I was trained in the LDL paradigm that it was bad, and I’m coming out of that paradigm, at least saying that we’re finding a different way to go about it. Don’t let anyone fear monger you. Don’t treat cholesterol as a disease. Atherosclerosis is the disease.

Finally, I want to talk about Nick Norwitz, a medical student at Harvard. He had severe ulcerative colitis as a young man and nobody knew what was going on. He had to figure out on his own that a low-carb keto diet could fix his ulcerative colitis. He was really ill. He did a recent study – he calls it the Oreo study – where he was eating a roll of Oreos every day on top of his diet and comparing the statin LDL reduction to the LDL reduction he got from eating Oreos. It was meticulously done – two weeks of adding Oreos to his diet. His LDL plummeted. The LDL went down by adding 100 grams of carbs in the form of cookies. It goes down twice as much as a statin drug without the Oreos, all other things being equal. It was a short-term study. He openly says that, “I just did this to get attention.

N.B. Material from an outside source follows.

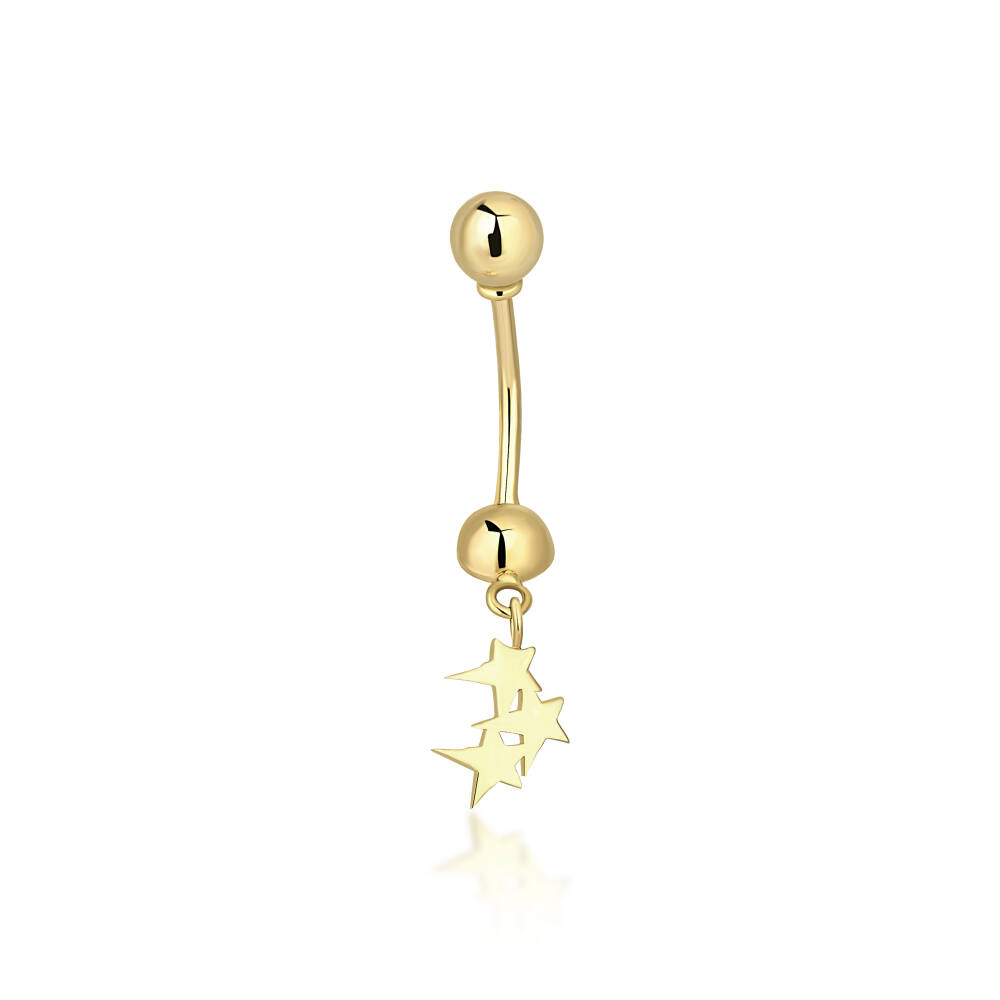 Üç Yıldız Sallantılı Altın Göbek Piercingi - 1

That the mere fact that you can lower an LDL cholesterol doesn’t mean the food that you’re eating is good.” The basic idea is that just looking at an LDL without the context, what else are you doing, is really irrelevant. Showing his result, he knew that was going to happen.

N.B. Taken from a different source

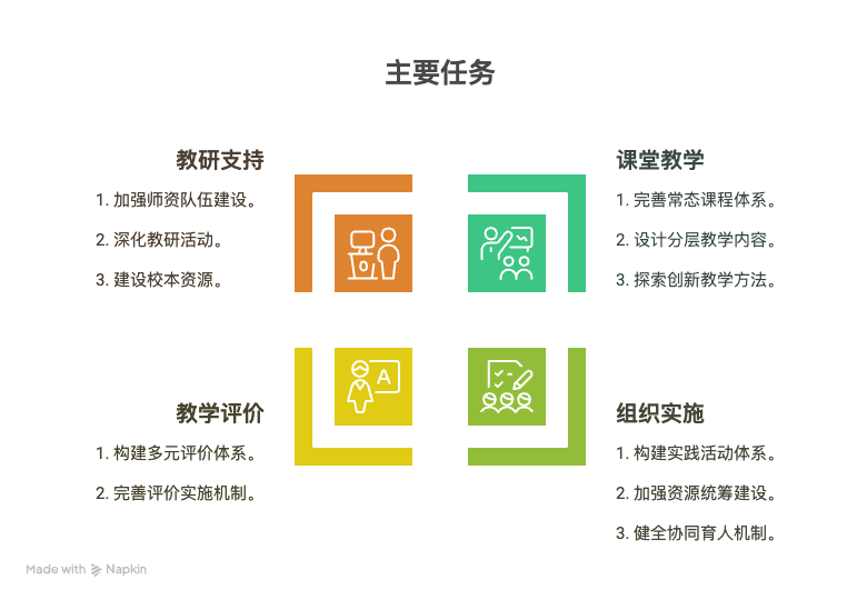 在课程实施方面,指南倡导“课堂教学,组织实施,教学评价,教研支持”四融合策略,推动AI教育深度融入各学科教学之中。强调人工智能通识教育不能成为“独立附加项”,而应深度融入日常教学,真正成为学科融合、素养导向的育人内容。这四个环节环环相扣、互为支撑,共同构建起AI课程从设计、实施到反馈优化的闭环体系,也为实现人工智能教育“常态化、学科化、高质量化”提供了明确路径。

Some people straddle the old paradigm and the new paradigm, even doctors, and say, “If your LDL is up on a keto diet, we’ll add back some carbs and lower the LDL.” I’m not sure that’s necessary. I want proof that LDL is harmful. The data coming from Jeff Volek and other scientists on keto diets say it’s not harmful. Everyone goes into ketosis, every human, and mammal for that matter, if you don’t eat for two days. I want to end on that note. What kind of system would be designed to go into self-destruct mode or a toxic mode if there was no food around? Ketosis is, if anything, a protective thing and it’s anti-inflammatory. You’re getting the anti-inflammatory effects of not eating the inflammatory foods as well. It’s normal to have certain levels of ketones in the blood if you’re doing a keto diet. It’s a normal thing, we store fat on our bodies and you start burning the fat on your body if you don’t eat food for a couple of days. If you don’t eat carbs for a couple of days, your body looks around and says, “I have plenty of energy here, it’s just that energy,” so you start to burn it. I’m putting my eggs in the basket of not eating that terrible, bad food and that this is going to be an approach that is going to be healthy. The LDL goes up because it’s good for you, not because it’s bad for you and you need to worry about it. It’s a different context. Doctors aren’t used to it. It’s not what they’ve seen, but please take all of these things into account. The burden of proof should be on the people pushing the drugs to say that someone eating this way needs that.